- [WHAT TO WORK ON]
Here is the task for the listing below: output exactly the lines from the one containing "内木場尭さんの総運は32画の5点!" through the one containing "Eladó Apple Watch", and leave out the pictures.

- [SOURCE MATERIAL]
===============
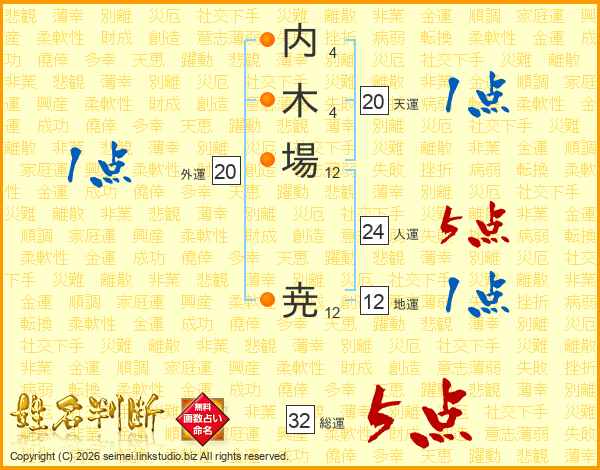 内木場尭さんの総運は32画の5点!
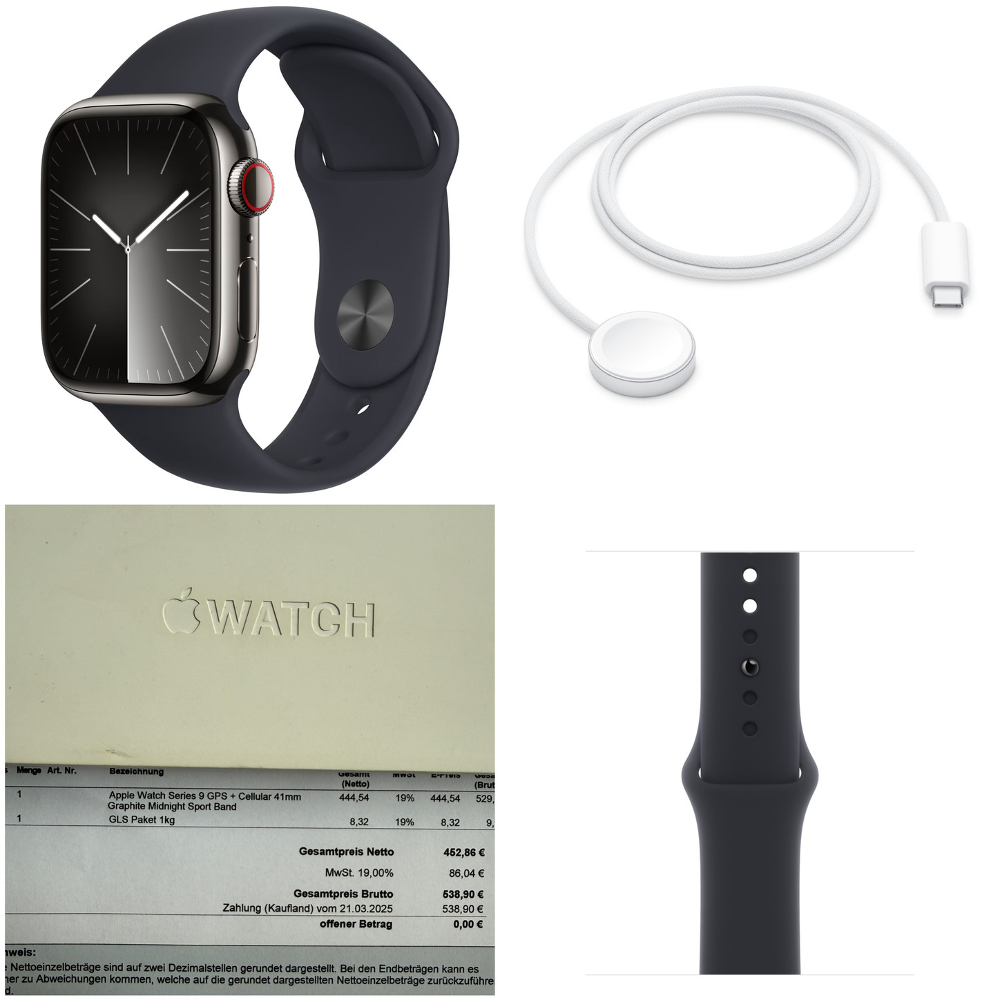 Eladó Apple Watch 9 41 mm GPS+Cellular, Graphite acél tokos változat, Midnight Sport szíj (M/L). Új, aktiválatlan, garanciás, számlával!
===============
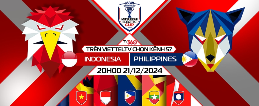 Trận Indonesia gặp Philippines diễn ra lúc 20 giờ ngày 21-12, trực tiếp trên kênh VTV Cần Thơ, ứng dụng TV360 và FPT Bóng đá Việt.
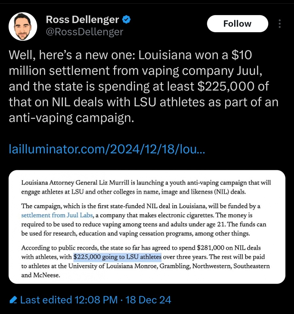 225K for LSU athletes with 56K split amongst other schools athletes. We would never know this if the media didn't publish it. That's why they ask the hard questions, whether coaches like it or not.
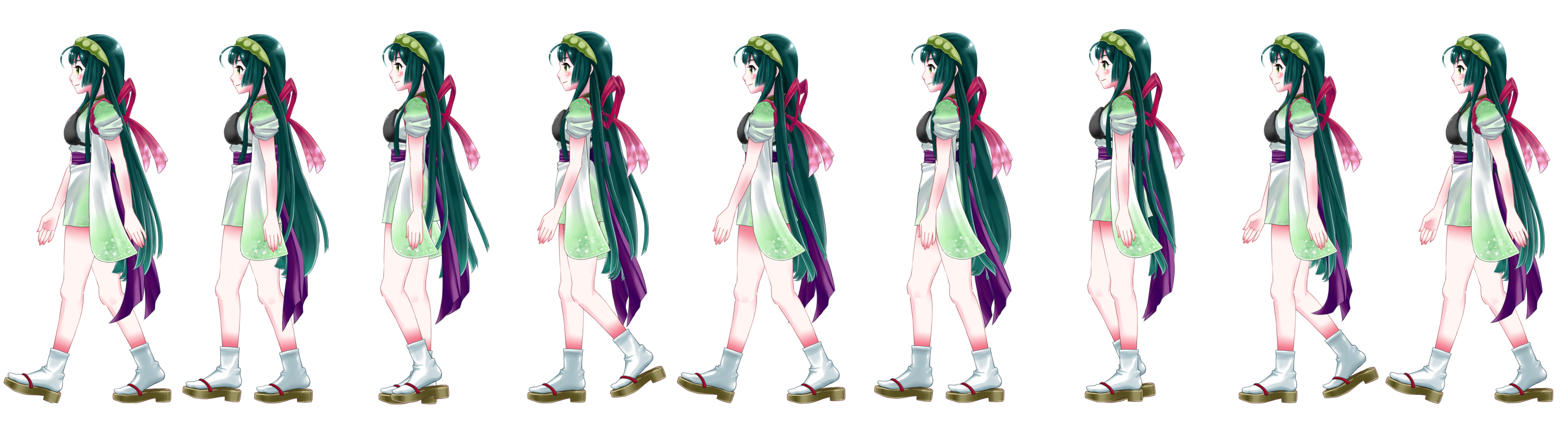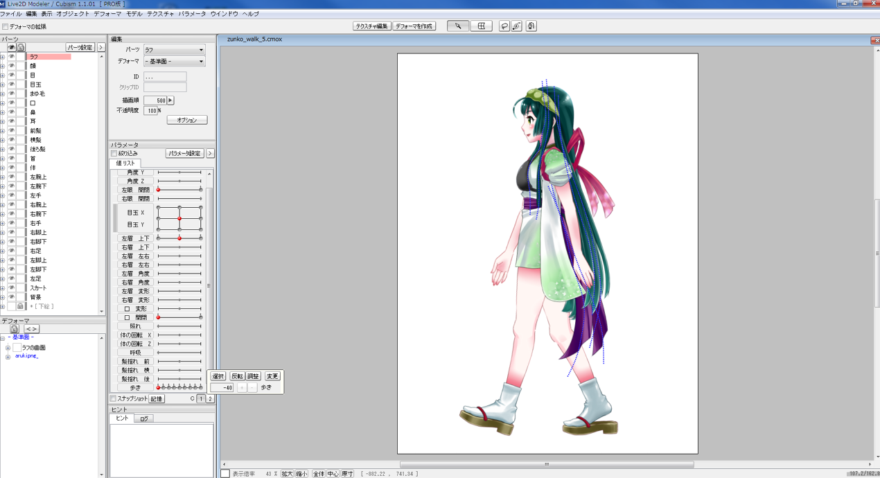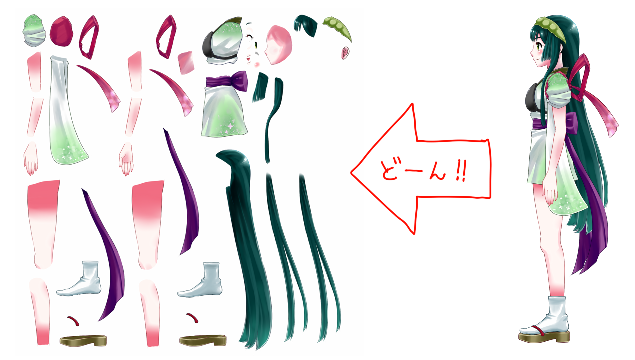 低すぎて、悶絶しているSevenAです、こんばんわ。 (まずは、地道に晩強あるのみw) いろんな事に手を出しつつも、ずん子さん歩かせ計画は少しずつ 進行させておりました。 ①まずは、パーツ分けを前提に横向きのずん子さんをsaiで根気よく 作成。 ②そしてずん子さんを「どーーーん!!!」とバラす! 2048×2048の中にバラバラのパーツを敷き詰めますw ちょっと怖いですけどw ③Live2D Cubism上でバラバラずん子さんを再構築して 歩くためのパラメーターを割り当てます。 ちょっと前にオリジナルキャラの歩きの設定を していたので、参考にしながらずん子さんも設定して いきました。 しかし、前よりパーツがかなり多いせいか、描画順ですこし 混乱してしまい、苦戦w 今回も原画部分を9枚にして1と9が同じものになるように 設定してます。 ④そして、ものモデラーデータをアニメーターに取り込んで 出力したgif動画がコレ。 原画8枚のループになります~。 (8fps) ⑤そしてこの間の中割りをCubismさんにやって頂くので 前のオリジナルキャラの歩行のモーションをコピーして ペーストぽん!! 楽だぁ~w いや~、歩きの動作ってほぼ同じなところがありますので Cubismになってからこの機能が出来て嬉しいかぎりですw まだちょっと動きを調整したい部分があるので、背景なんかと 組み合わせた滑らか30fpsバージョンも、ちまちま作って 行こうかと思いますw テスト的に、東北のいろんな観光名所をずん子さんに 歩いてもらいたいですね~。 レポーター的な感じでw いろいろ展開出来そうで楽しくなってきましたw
===============
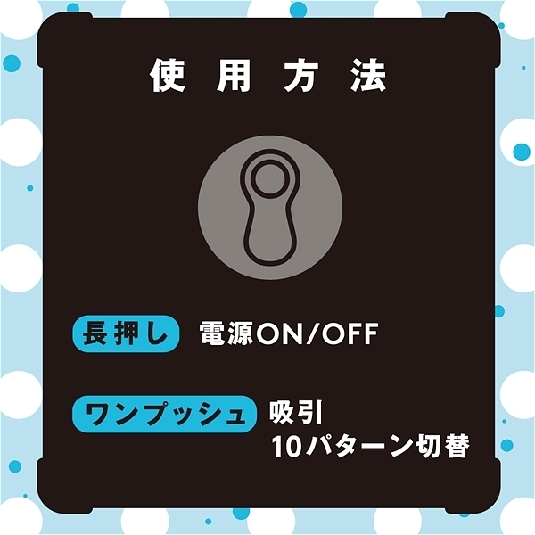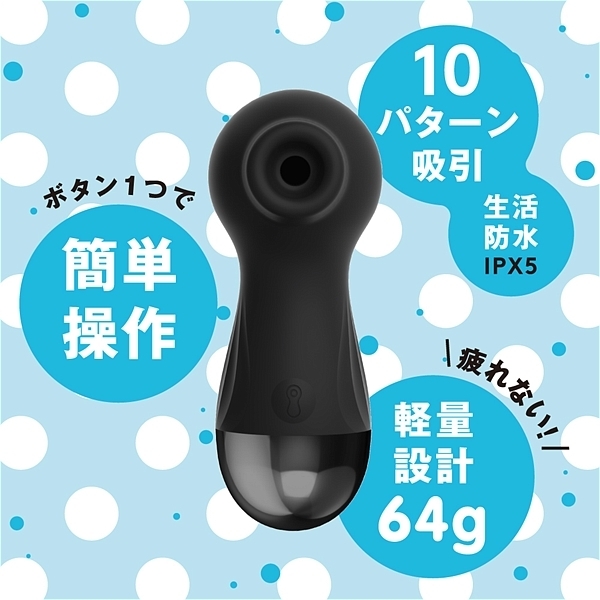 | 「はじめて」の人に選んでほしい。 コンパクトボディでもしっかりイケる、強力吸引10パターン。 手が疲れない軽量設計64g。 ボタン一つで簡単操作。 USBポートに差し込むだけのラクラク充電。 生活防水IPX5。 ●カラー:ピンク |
===============
- [ANSWER BOX]
 内木場尭さんの総運は32画の5点!
 Eladó Apple Watch 9 41 mm GPS+Cellular, Graphite acél tokos változat, Midnight Sport szíj (M/L). Új, aktiválatlan, garanciás, számlával!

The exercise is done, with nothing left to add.